L’ex parlamentare è stato interrogato per oltre due ore dal gip, respingendo tutte le accuse. Secondo l’accusa, Caputo avrebbe “attivato una serie di meccanismi volti a trarre in inganno l’elettorato”.

”In particolare – dicono i pm – sia i manifesti elettorali che i volantini distribuiti recitavano solo il cognome del candidato “Caputo” (omettendo qualsiasi fotografia) e, nella lista, Mario Caputo aveva fatto aggiungere il proprio falso appellativo “detto Salvino”, con il quale era invece conosciuto l’incandidabile fratello Salvatore”. L’inchiesta è coordinata dal Procuratore capo di Termini Imerese Ambrogio Cartosio.

I fratelli Caputo, secondo gli investigatori, avrebbero indotto con l’inganno gli elettori all’esercizio del loro diritto politico. In particolare, avrebbero fatto in modo che, a fronte della candidatura all’Ars di Mario, gli elettori pensassero che il proprio voto servisse a sostenere la candidatura del fratello Salvino, più noto, politico di lungo corso ma che era però incandidabile ai sensi della Legge Severino.

Salvino Caputo, difeso dagli avvocato Raffaele Bonsignore e Francesca Fucaloro, ha spiegato al gip di avere ricevuto “pressioni” dai leader del partito Noi con Salvini per candidare un parente.

“Dopo la notizia della mia incandidabilità – dice ai giudici – ho vissuto un momento di smarrimento.
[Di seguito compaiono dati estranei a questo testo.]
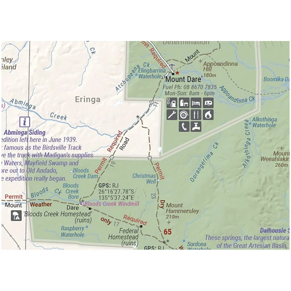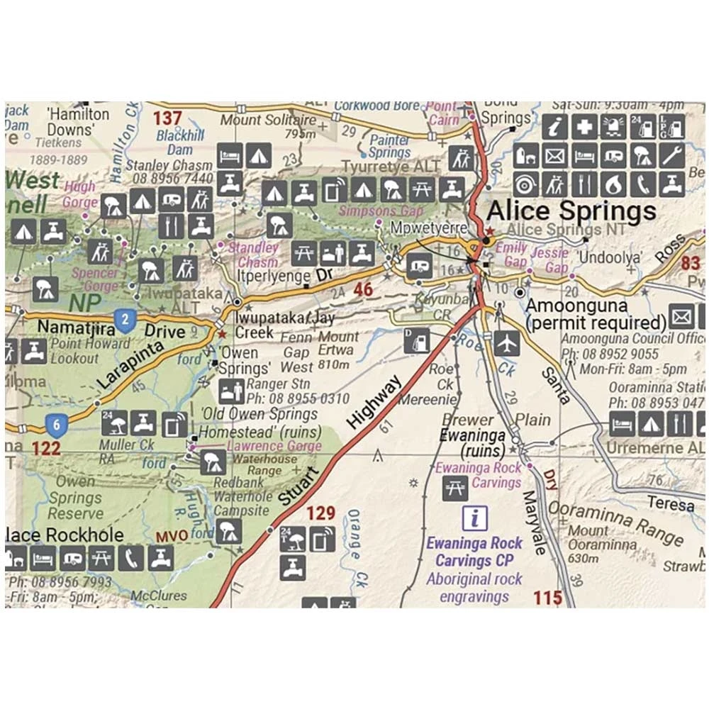 - Roads and 4WD tracks, distance markers, topographical relief and touring points of interest, 24-hour fuel, camping areas and caravan parks, facilities, services, and more

Così, è nata l’idea di scrivere il nome “detto Salvino” sul facsimile, ma ho sempre fatto campagna elettorale dicendo che il candidato era mio fratello”. E per avvalorare questa tesi i legali hanno presentato al gip materiale fotografico e video, in cui si vede Caputo che fa i comizi dicendo agli elettori di votare per il fratello Mario. Ha parlato anche del deputato Alessandro Pagano, per il quale la Procura ha chiesto l”utilizzo delle intercettazioni telefoniche, dicendo che il parlamentare leghista gli ha chiesto di candidare un parente “per non disperdere il pacchetto di voti”. Proprio come emerge da una intercettazione telefonica tra i due.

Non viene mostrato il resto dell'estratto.